Blue-collar win vs. Tech staves off naysayers, Apocalypse

ATLANTA - With all due respect to Chicken Little (and some wishful thinkers around the ACC), the sky is not falling on Durham.

Some would have you believe that after two seasons, four first-round NBA picks and a handful of overtimes, Duke's first ACC loss in 32 games meant the Apocalypse was just around the corner.

"It was a reality check; I was like, 'Oh God, we can lose at Cameron,'" Chris Carrawell said.

A wake-up call, yes. But the end of the road for the Blue Devils, whose ACC dominance had begun to draw comparisons to Florida State football?

Try telling that to Bobby Cremins.

"Before the game everyone kept asking me if this was a bad time to play Duke," Cremins said Saturday. "I told them we'd have the answer after the game. I think we have that."
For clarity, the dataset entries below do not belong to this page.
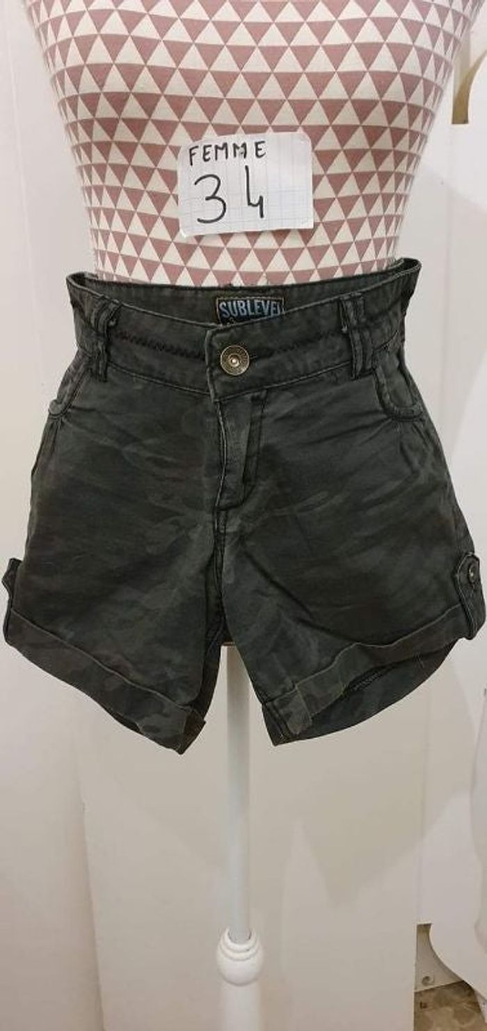 Short, coton,vert armée, en très très bon état,taille standard, longueur 31cm,marque Sublevel =5€
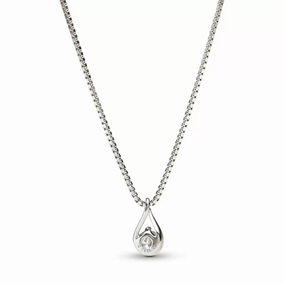 این گردنبند ظریف از جنس طلای سفید بوده و دارای الماسی ساخته شده در آزمایشگاه با قیراط 0.25 می باشد. این گردنبند زیبا نمادی از پتانسیل درونی ما و بهترین گزینه برای ساخت ظاهری مدرن است. شما می توانید این طرح را با الماس های دیگر پاندورا ست کرده و بیشتر از همیشه بدرخشید.
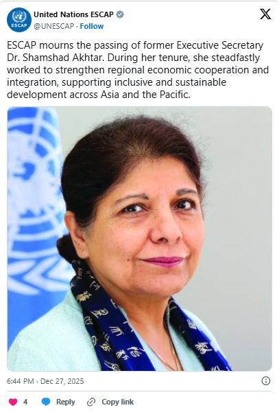 ESCAP, where Dr Akhtar previously served as executive secretary, said she worked steadfastly to strengthen regional cooperation and promote inclusive and sustainable development across Asia and the Pacific.

Duke's 85-64 romp was not, as Cremins suggested afterwards, a "statement" game for the No. 3 Blue Devils. Instead, it was a roll-up-the-sleeves-and-get-back-to-basics effort from a team that got downright sloppy somewhere in the midst of all that winning.
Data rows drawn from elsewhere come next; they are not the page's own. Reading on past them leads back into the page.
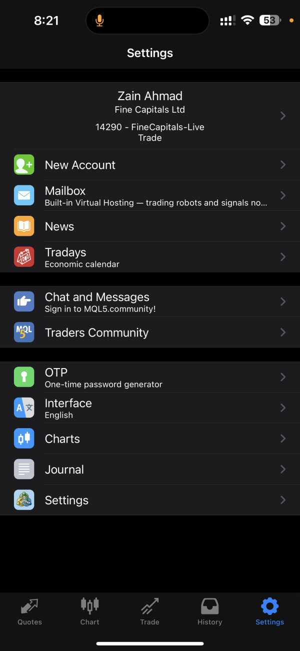 Hello My name is Zain Ahmad My Fine Capital Id MT4 id is 14290
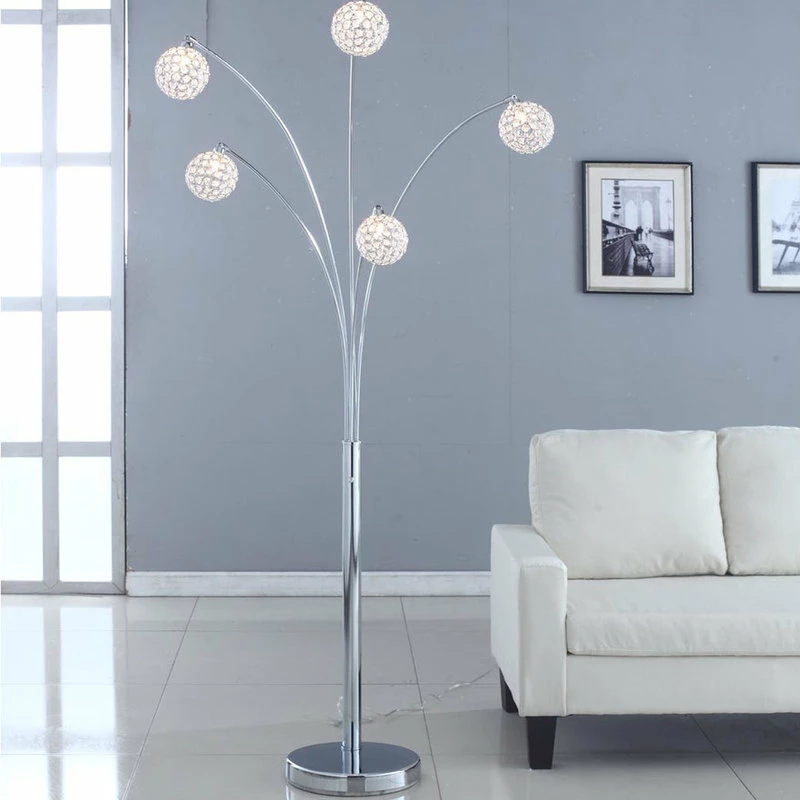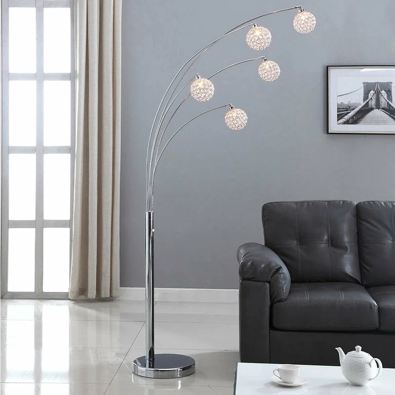 Light up your living room, bedroom or office with the “Manhattan” Modern chrome 5-Arch crystal balls floor lamp form Artiva USA. Its clear handcrafted crystal balls shine beautifully in the light, providing a warm and inviting tone to any room. This lamp is perfect addition to your home. Its features on adjustable Arch that allows you to spread the light apart.
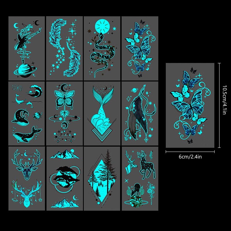 - 🌟 BLUE LUMINOUS TEMPORARY TATTOOS: 12 sheets glow in the dark face body art temporary tattoos, printed with flowers,feather, snakes, deer, butterfly, moon, star and so on. Black or colorful in daylight, but glow blue under UV/black light, sticking on body will make you more unique and exquisite.
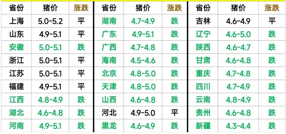 河南4.9-5.1跌,山东4.9-5.1平,河北4.9-5.0平。这几个养猪大省,基本都在5块上下挣扎。
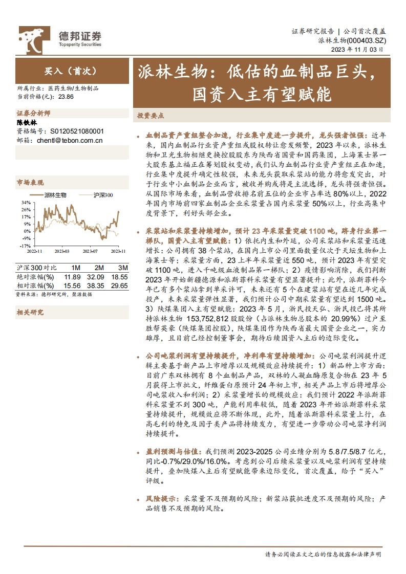 2023-11-03-德邦證券-派林生物-派林生物:低估的血制品巨頭,國資入主有望賦能
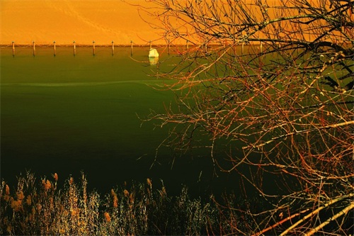在碧绿的泉水边上!一丛微光,却使得格外养眼!干巴巴的树枝,似乎是冬眠了呢,可是芦苇花却还在低低矮矮地闪耀着!
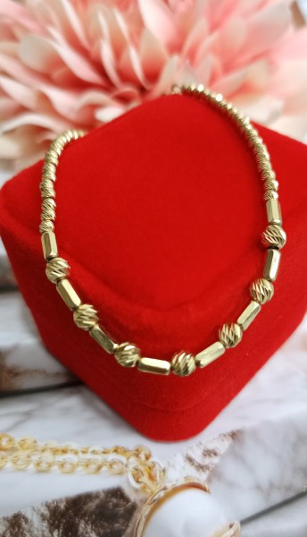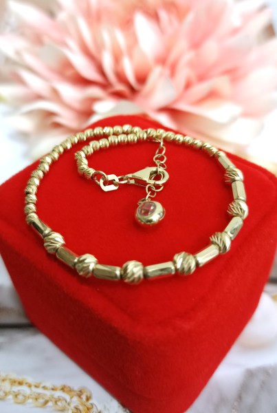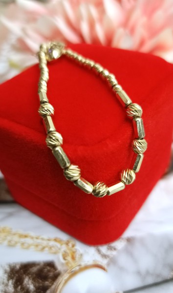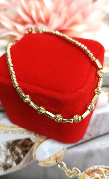 Przedmiotem sprzedaży jest bransoletka z frezowanymi kulkami ,wykonana z 14-karatowego (p.585) żółtego złota.
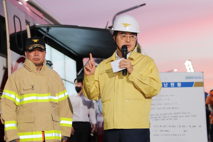 김동연 지사는 이날 저녁 8시경 화성시 서신면 사고 현장에서 기자브리핑을 열고 이런 내용을 담은 경기도의 사고 수습과 후속 대책에 대해 설명했다.
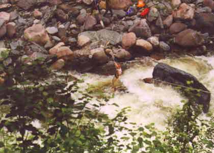 Дальнейшие препятствия - это большие подводные и надводные камни, бочки, стоячие валы, узости и прижимы. Для того чтоб проходить ущелье, необходимо иметь нормальную группу с хорошей организацией страховки, и воду ниже среднего. Порог - водопад обносится по правому берегу всего 100 - 150 метров. Дальнейшие препятствия проходимы. Нам эти оба условия не подходят, и мы обносимся. Группа из Кирова достаточно сильная, но из-за высокой воды они тоже обносятся. Мы обносились по нижней тропе до того места, когда она подходит непосредственно к реке. В этом месте расположена более менее
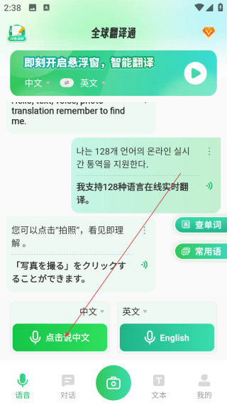 1、实时语音互译:双向语音翻译零延迟,沟通如面对面般流畅,助力跨语言商务谈判与日常交流。

"Getting back to Duke defense, that was the key," said Carrawell, who had his own reputation as one of the ACC's top defenders soiled by Juan Dixon's 31 points Wednesday. "That was a reality check for me, too."

Against the Terps, Duke's offense was just fine, thank you. It was the defense that stayed home, presumably watching the game on television with the hundreds of student no-shows.

"I've never seen that [many empty seats]," Mike Krzyzewski said. "Maybe there was some expectation, like, 'Oh, we're supposed to win.'"

The Blue Devils shot 53 percent against the Terps, but allowed 98 points, the highest total an opponent has put up in Cameron since Duke's legendary 102-100 double-overtime loss to North Carolina in February of 1995.

After Krzyzewski ran his team through an intense, defensive-minded practice Friday, you could bet those numbers would change against Tech.

"They were relentless on defense," Cremins said. "We couldn't run our offense. We couldn't get the ball inside."

Duke's 38 points off 21 Tech turnovers were the difference. The Blue Devils took better care of the ball, too, committing just one turnover in the first half and seven total.

That reversal from Wednesday's performance gave Krzyzewski two tangible reasons to be satisfied with a 19-point win against an overmatched opponent.

"If we play hard and well and lose, I have no problem with that," he said. "But if we play poor in any one aspect of the game, I'll be on them for that.

"You become better when excellence is your motivation, not wins and losses."

And if excellence is Duke's goal, Krzyzewski's team still has plenty of room to improve. Matt Christensen's play Saturday was proof of that.

The 6-foot-11 Christensen was one major reason that Tech struggled to get the ball inside, where twin towers Jason Collier and Alvin Jones are the Yellow Jackets' most effective players.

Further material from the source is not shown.